We hypothesized that these improvements to in vitro stability measures might also lead to improved stability in harsh biological environment. When the DFHBI-bound RNAs were challenged with 20% whole cell lysate extracted from the eggs of Xenopus laevis, six of the seven Spinach-TTR constructs exhibited fluorescence longer than control Spinach and Broccoli sequences (see Methods). Spinach-TTR 3 exhibited particularly high stability (Figure 4h), giving a time to half fluorescence of 131 minutes, compared to < 20 minutes for Spinach, Spinach-min, and Broccoli (Table S6; Figure S11). This same robust fluorescence of the Spinach-TTRs was observed in 20% E. coli. lysate, suggesting a general stabilization in biological environments (Figure S12). We finally sought to assess the ability of Spinach-TTR constructs to activate fluorescence in cells, using E. coli as a testbed. Six Spinach-TTR designs were cloned into a plasmid for T7 RNA polymerase-driven expression (see Materials and Methods). Each Spinach-TTR variant was able to significantly activate expression above background, and several designs exceeded the fluorescence observed for both Spinach and Broccoli in vivo (Figure S13).
Conclusions
As RNA nanotechnology seeks to create artificial molecules closer in sophistication to natural RNA molecules, designing tertiary structures as complex, asymmetric, and diverse as natural RNAs becomes an important goal. Here, we hypothesized that several distinct tasks in designing complex RNA tertiary structure might be reduced to instances of a single RNA motif pathfinding problem and developed an algorithm RNAMake to solve the pathfinding task (Supplemental Results; Table 1). For the ‘miniTTR’ nanostructure design problem, 11 of 16 molecules exhibited the correct tertiary fold in nucleotide-resolution chemical mapping and electrophoresis assays, and we achieved a crystal structure of one design that confirmed its accuracy at high resolution. For the problem of tethering E. coli 16S and 23S rRNAs into a single RNA molecule, 1 of 9 RNAMake-designed molecules replaced ribosomes in vivo and was confirmed to translate in polysomes in cell-free translation reactions. For the problem of stabilizing aptamers through ‘locking’ tertiary contacts, 3 of 11 RNAMake-designed ATP-TTR molecules achieved improved affinity to ATP compared to the starting aptamer; and 7 of 16 Spinach-TTR designs maintained their binding affinity for the DFHBI fluorophore while achieving improvements in fluorescence and folding efficiency in vitro, and instability in extracto and in vivo. In each task, RNAMake achieved its design objectives in a single round of tests involving parallel synthesis of 8 to 16 constructs, without further trial-and-error iteration.
Table 1:
Design problem | Designs | Successful Designs | Motifs Used | Experimentally Validated Motifs |
---|---|---|---|---|
MiniTTR | 16 | 11 | 23 | 20 |
Ribosome tether | 9 | 1 | 14 | 3 |
ATP-TTR | 10 | 3 | 16 | 6 |
Spinach-TTR | 16 | 13 | 26 | 20 |
All | 51 | 28 | 56* | 41* |
Some motifs were used in multiple design problems.

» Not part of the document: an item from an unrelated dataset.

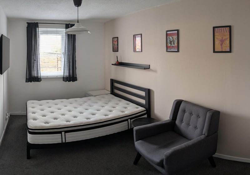 Large size bedroom with double bed, wardrobe, tv and chair. All new. The room has a key door lock. All bills included.

As RNAMake is applied to more problems, we expect its success rate to further improve. Accumulating knowledge of which structural motifs recur in successful vs failing designs may allow for empirical scoring for the modularity of each motif; inferences for some motifs, such as A-A mismatches, are already possible (Supplemental Discussion). Second, incorporation of motifs that are known to sample at least two conformations (e.g., the triple mismatch in miniTTR6 herein or kink turns) may allow improved design of such machines like the ribosome, with improving cryo-EM methods providing more detailed feedback on such distinct states18,51. Third, natural structured RNAs often contain multiple tertiary contacts and multibranched junctions and we have extended RNAMake’s pathfinding method to design such motifs (Supplementary Figure 14). Finally, we expect RNAMake’s computational design approach to be complementary to library selection and high-throughput screening methods52, especially for larger problems that require numerous noncanonical motifs. By distributing RNAMake as source code and a server, we hope to encourage these applications and extensions of computational RNA design.
METHODS
Software Availability
All software and source code used in this work are freely available for non-commercial use. RNAMake software and documentation are at https://github.com/RNAMake/RNAMake. An RNAMake server to perform scaffolding and aptamer stabilization is available at http://rnamake.stanford.edu. EteRNAbot is available at https://github.com/EteRNAgame/EteRNABot.
Sequences and Primers.
All sequences and primers used in this study can be found in Supplemental Material, in files Sequences.xlsx and Primers.xlsx, respectively.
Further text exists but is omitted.